What do we know about Light No Fire so far?
Announced during The Game Awards in December 2023, Light No Fire is the latest project from Hello Games. It’s a survival fantasy sandbox that we think is well within the boundaries of an MMO from what we’ve seen thus far.
As the studio pitched, Light No Fire is “set on a fantasy planet the size of Earth [and] brings the depth of a roleplaying game to the freedom of a survival sandbox.” Hello Games highlighted the massively multiplayer aspect, including being able to build communities together, and it also stressed a fully explorable open world “at a scale never attempted before.”
According to the studio, this game is “inspired by the adventure, charm and imagination that we love from classic fantasy […] Set sail across vast oceans and rivers, ride wild beasts through fantastical landscapes, fly dragons over undiscovered landscapes.”
Obviously, this project caught our attention in a big way for its ambitious sandbox design. Of course, we always know that studios can promise the stars — but delivering on those promises is far more difficult and not always attainable. So could this actually come to pass?
Hello, Hello Games!
It wasn’t merely the elevator pitch that caught our attention, as attractive as it was. After all, plenty of projects have emerged that made grand claims and then either fail to come to fruition or simply give us an unfinished, broken mess. Why not assume that this will be the same here?
Three words: No Man’s Sky.
Hello Games’ first title was a survivalbox legend that cratered upon release and was widely criticized for failing to live up to much of these same grand ambitious promises. It was such a disappointment that many assumed that the studio would take the money from sales and run away from both its players and their mounting legal challenges.
But that’s not what happened at all. Hello Games took its critical lumps and then stuck around for years to shape and build No Man’s Sky into the game that it initially promised. It dug in and worked, month after month, year after year, until this space sandbox turned from a public laughingstock to a highly acclaimed title that won over many of its former foes. And then Hello Games continued to improve No Man’s Sky even further, expanding the title into a true MMO of sorts, and adding tons of content without asking players for any additional purchases.
In short, we’re excited about Light No Fire because our respect for Hello Games is (no man’s) sky high. This is a studio that doesn’t quit but rather has shown that it’ll work hard to fulfill its vision. And so if it says it’s going to create this huge explorable fantasy world on a scale rarely seen, I kind of believe it. Add on to that all of the developers’ experience building an online game and all of the tech that it’s generated for its previous project… the better question is, “Why shouldn’t someone get ridiculously excited about this?”
Why so much silence, then?
Now we come to the elephant in the room, which is the fact that after that initial late 2023 announcement, Hello Games hasn’t talked much about Light No Fire at all. So far, we’ve seen only limited follow-up press, previews, dev blogs, and so forth. We’re going on a year-and-a-half of near-radio silence for this title, aside from a brief mention that “great progress” was being made last November, and to some gamers, that’s got to be worrying.
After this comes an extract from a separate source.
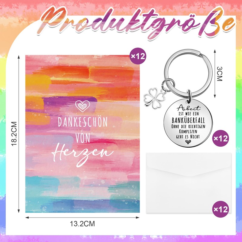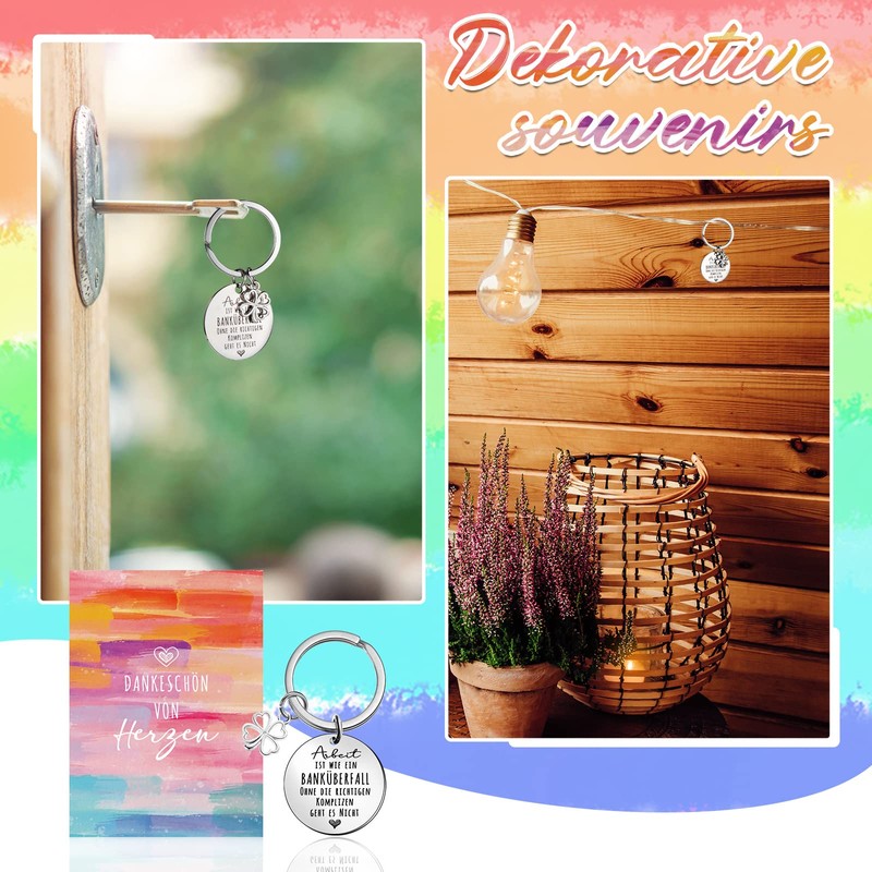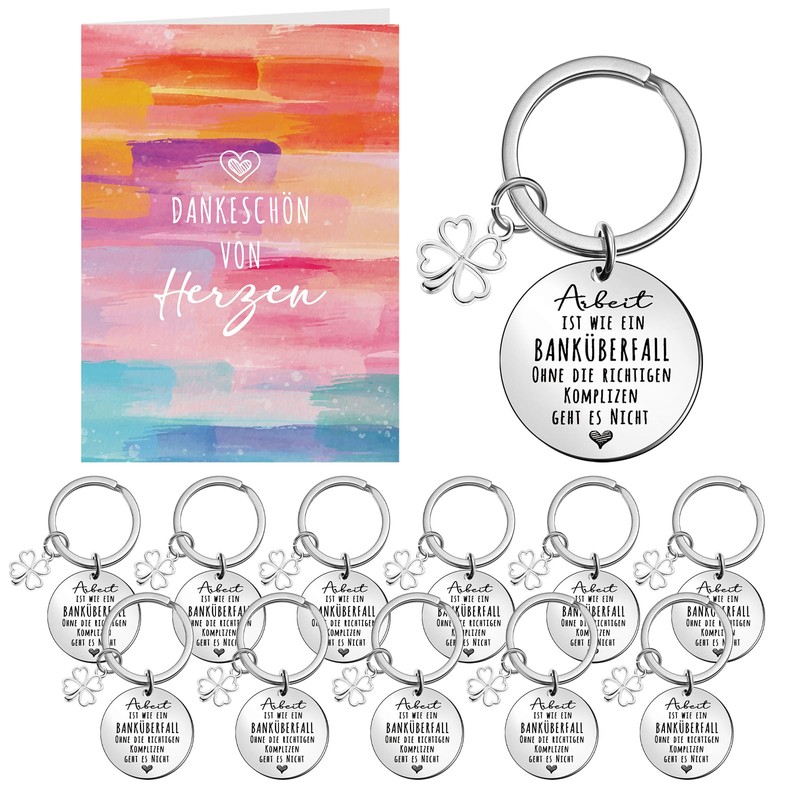 - Unique design: the keyrings for colleagues are decorated with a humorous saying "Work is like a bank robbery, without the right accomplices it doesn't work"; As lucky charms, the keyrings are also equipped with four-leaf clover pendants that symbolize your best wishes; In addition, there is a thank you card with the message "Thank you from the heart"; This lovingly designed design spreads joy and warmth

I’m not completely ruling out that something’s changed or delayed behind the scenes, but I don’t personally see as great of a cause for worry here as we might elsewhere. It’s not uncommon for a studio to use a platform like The Game Awards to generate initial hype, put out a wishlist to gather as many prospective fans as possible, and then go quiet for a good period of pre-testing development.
Let’s not forget that Hello Games learned a painful lesson about overhyping No Man’s Sky and setting expectations so high that a backlash was inevitable. We might well be seeing a more cautious approach this time around, where the studio’s going to keep quiet until it’s fully ready to show, test, launch, or any combination of the above.
But I would still be a lot more at ease if Hello Games started chatting up this project, even if just to confirm that it isn’t dead or delayed. If we get to the two-year mark and we’re still in the dark, then I’ll start to panic. Until then, it remains in my Top 5. I can’t wait to see what this plucky outfit can do with a fantasy MMO.